Data extraction, xml code supports wildcard?


I am just wondering, whether I can use any kind of wildcard in the ExtractMetadata code in ExtractData activity.
E.g.: I would like to search for div tag the class of which starts with ‘active’:


1 Like

I’m looking for the same answer…so far it doesn’t seem to be working. I have a table with rows that have alternating classes for highlighting and I’d love to wild card that out while still being able to select the existing class.

Has anyone received an answer on this? Im dealing with a very similar situation. I tried wildcards inside my xml with no luck. I have a web page that i need to scrape that changes classes very often. It would be nice if i could just use wild cards instead of having to update my xaml file ever other week.

Is there any solution on this?? even i am facing the same issue. @loginerror

Unfortunately there is no support for wildcards in the XML code of the data scraping activity. Not yet, at least, we’ll look into it :slight_smile:


Is there any update on this? The webpage I’m scraping has an XML value that also changes every day or two, so I’m looking for a solution that will work reliably without changing it constantly.

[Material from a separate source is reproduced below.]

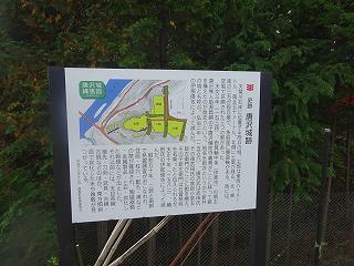 そうしていくつめかの台地を東側の先端部分まで進んで行くと、その先に案内板が立てられているのが目に入ってきた。車を降りて確認してみると、確かに唐沢城の案内板であった。何とか城址に到達できたというわけである。
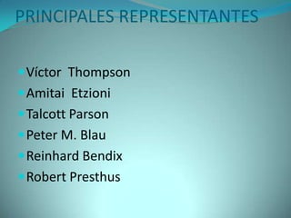 El documento trata sobre el origen y características de la teoría estructuralista en las organizaciones. La teoría surgió a finales de los años 1950 como una posición más amplia que integra aspectos de la teoría clásica y de las relaciones humanas. El estructuralismo se enfoca en las estructuras formales e informales de la organización, las recompensas materiales y sociales, los diferentes niveles jerárquicos y el análisis entre organizaciones.

And if there isn’t a way to do wildcards, I know that variables are supported.

So do you know if there is a way I can extract this boxed string from my screenshot? I looked around in UiExplorer and didn’t see anything that could produce that string.

Hi @bencod

It is possible to assign the value of the ExtractMetadata field as a string variable:

You could then ‘prepare’ your variable before the ExtractData activity happens by appending concatenating your string. See below how I included the yourVariableName in the string:

"<extract><column name='" + yourVariableName + "' attr='text' exact='1'><webctrl class='normalsection todaynavigation' tag='div' idx='1' /><webctrl class='full-width' tag='div' idx='1' /><webctrl class='sectioncontent' tag='div' idx='1' /><webctrl class='stripenav' tag='div' idx='1' /><webctrl tag='ul' idx='1' /><webctrl tag='li' /><webctrl tag='a' idx='1' /></column></extract>"